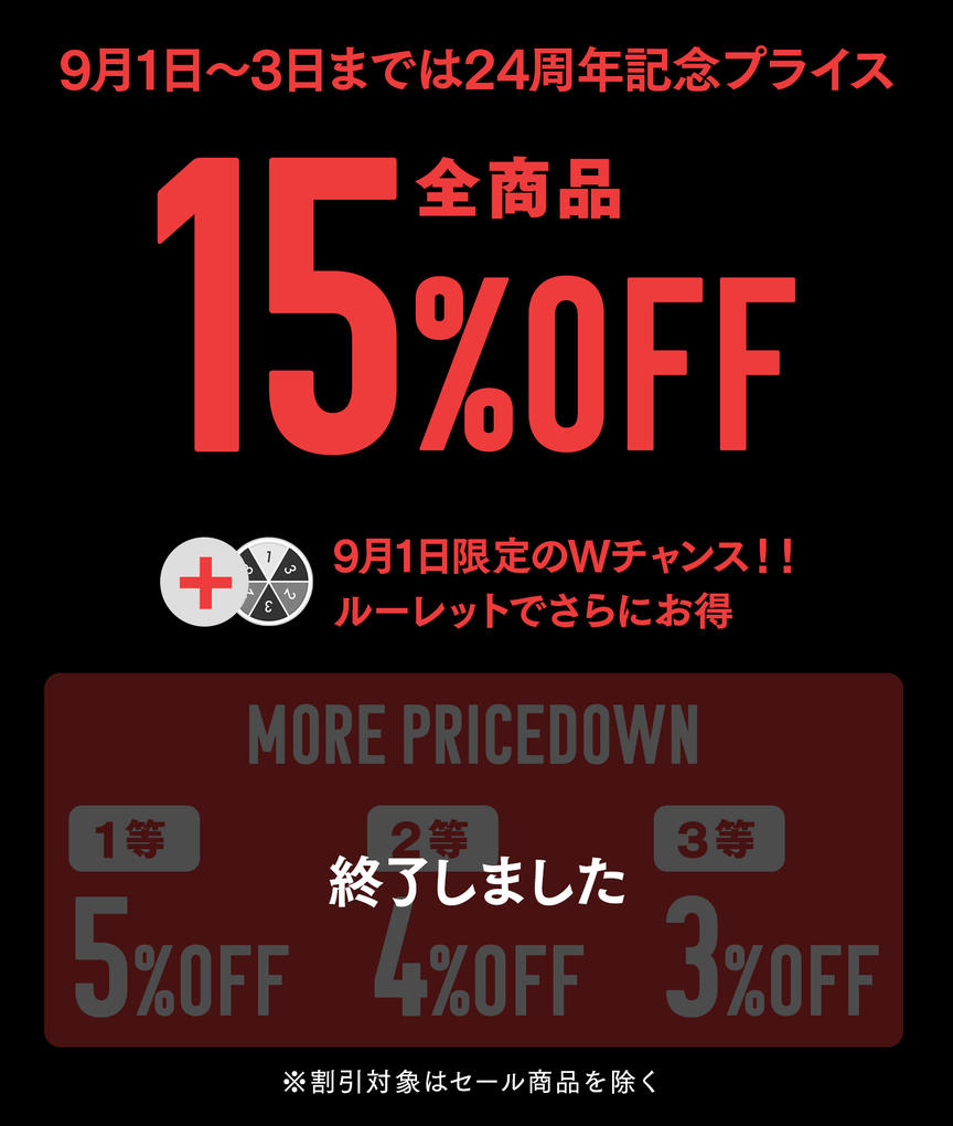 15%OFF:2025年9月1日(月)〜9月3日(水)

◆ ◆ ◆ ◆

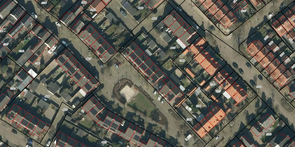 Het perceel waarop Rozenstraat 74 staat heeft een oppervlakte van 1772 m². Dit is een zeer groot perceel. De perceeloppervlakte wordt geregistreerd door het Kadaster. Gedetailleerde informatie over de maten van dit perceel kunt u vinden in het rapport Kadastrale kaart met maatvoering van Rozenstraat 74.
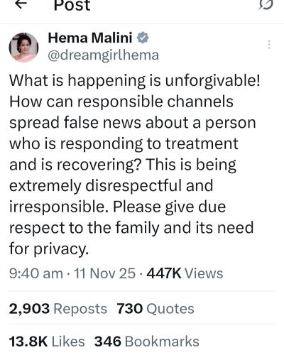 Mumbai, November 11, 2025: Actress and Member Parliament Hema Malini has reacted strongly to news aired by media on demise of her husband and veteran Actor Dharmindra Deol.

◆ ◆ ◆ ◆

Assignment: The output is the stretch above from the line with "Het perceel waarop" through the line with "Mumbai, November 11, 2025: Actress", copied word for word with both ends kept and every picture dropped.

Answer:
 Het perceel waarop Rozenstraat 74 staat heeft een oppervlakte van 1772 m². Dit is een zeer groot perceel. De perceeloppervlakte wordt geregistreerd door het Kadaster. Gedetailleerde informatie over de maten van dit perceel kunt u vinden in het rapport Kadastrale kaart met maatvoering van Rozenstraat 74.
 Mumbai, November 11, 2025: Actress and Member Parliament Hema Malini has reacted strongly to news aired by media on demise of her husband and veteran Actor Dharmindra Deol.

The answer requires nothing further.